[Your task]:
Under this line are the records; write out word for word the part that begins at the line containing "V knjigi skozi" and ends at the line containing "O Camaleão Nobrecar", and no more.

[Task data]:
- - -

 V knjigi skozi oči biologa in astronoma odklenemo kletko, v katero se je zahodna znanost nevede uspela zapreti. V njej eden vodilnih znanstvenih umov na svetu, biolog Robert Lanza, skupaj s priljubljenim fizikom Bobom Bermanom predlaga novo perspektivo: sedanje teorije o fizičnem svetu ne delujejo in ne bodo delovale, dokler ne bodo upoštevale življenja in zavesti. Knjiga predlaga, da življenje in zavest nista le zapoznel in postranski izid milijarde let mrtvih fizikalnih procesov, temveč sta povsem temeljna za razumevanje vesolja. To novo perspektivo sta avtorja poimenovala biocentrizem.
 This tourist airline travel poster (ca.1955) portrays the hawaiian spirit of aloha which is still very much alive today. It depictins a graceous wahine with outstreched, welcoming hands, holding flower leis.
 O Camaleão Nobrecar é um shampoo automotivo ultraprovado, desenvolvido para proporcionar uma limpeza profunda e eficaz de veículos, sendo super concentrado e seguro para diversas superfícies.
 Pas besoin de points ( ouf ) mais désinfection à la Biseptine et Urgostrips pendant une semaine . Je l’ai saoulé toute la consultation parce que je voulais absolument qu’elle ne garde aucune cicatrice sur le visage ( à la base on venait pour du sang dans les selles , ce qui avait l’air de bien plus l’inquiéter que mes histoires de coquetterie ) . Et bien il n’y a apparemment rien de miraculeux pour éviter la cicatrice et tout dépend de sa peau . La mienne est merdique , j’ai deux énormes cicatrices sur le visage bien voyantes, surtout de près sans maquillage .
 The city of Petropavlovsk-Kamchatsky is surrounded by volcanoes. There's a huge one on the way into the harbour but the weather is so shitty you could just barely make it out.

- - -

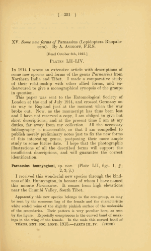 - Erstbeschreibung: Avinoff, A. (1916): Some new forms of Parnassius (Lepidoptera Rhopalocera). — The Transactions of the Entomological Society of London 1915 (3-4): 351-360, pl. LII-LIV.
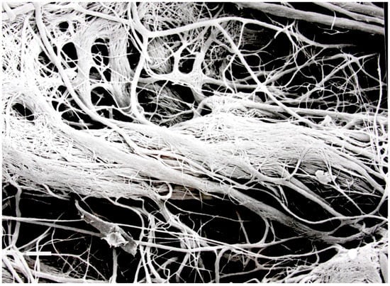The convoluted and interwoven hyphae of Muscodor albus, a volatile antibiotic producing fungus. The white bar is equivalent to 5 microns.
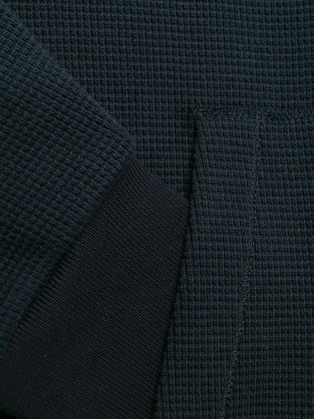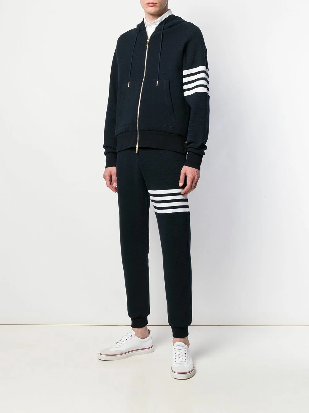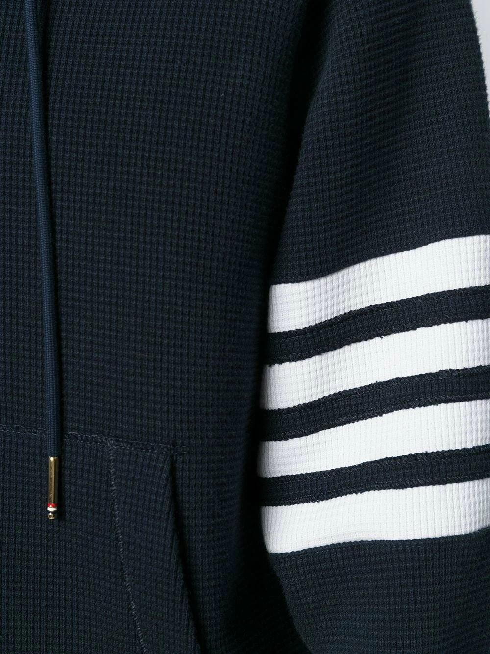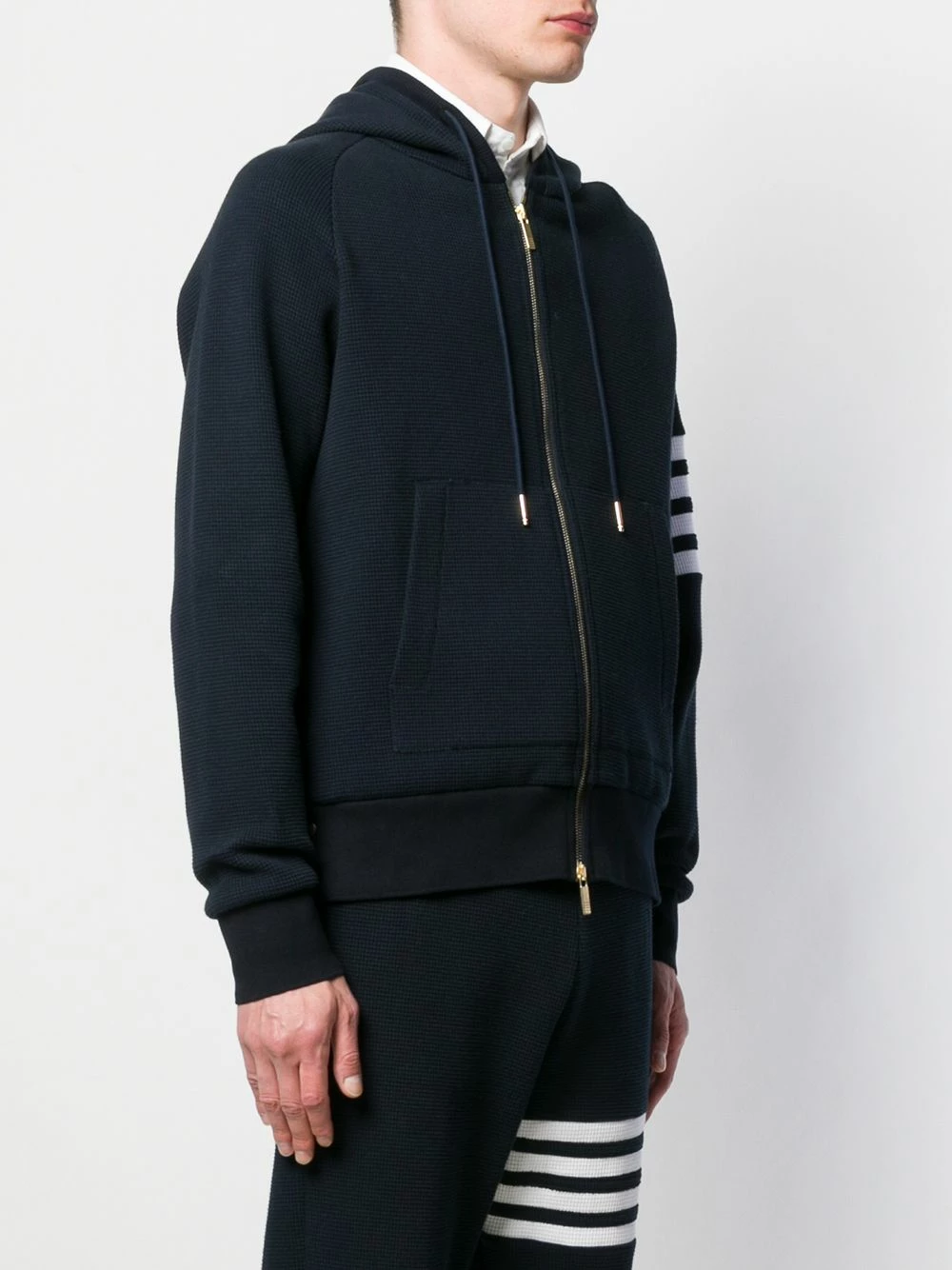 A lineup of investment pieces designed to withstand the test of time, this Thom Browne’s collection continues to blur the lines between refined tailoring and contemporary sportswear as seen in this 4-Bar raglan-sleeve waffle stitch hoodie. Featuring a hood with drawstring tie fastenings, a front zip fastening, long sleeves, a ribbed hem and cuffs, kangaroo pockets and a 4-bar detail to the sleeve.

- - -

[Response area]:
 V knjigi skozi oči biologa in astronoma odklenemo kletko, v katero se je zahodna znanost nevede uspela zapreti. V njej eden vodilnih znanstvenih umov na svetu, biolog Robert Lanza, skupaj s priljubljenim fizikom Bobom Bermanom predlaga novo perspektivo: sedanje teorije o fizičnem svetu ne delujejo in ne bodo delovale, dokler ne bodo upoštevale življenja in zavesti. Knjiga predlaga, da življenje in zavest nista le zapoznel in postranski izid milijarde let mrtvih fizikalnih procesov, temveč sta povsem temeljna za razumevanje vesolja. To novo perspektivo sta avtorja poimenovala biocentrizem.
 This tourist airline travel poster (ca.1955) portrays the hawaiian spirit of aloha which is still very much alive today. It depictins a graceous wahine with outstreched, welcoming hands, holding flower leis.
 O Camaleão Nobrecar é um shampoo automotivo ultraprovado, desenvolvido para proporcionar uma limpeza profunda e eficaz de veículos, sendo super concentrado e seguro para diversas superfícies.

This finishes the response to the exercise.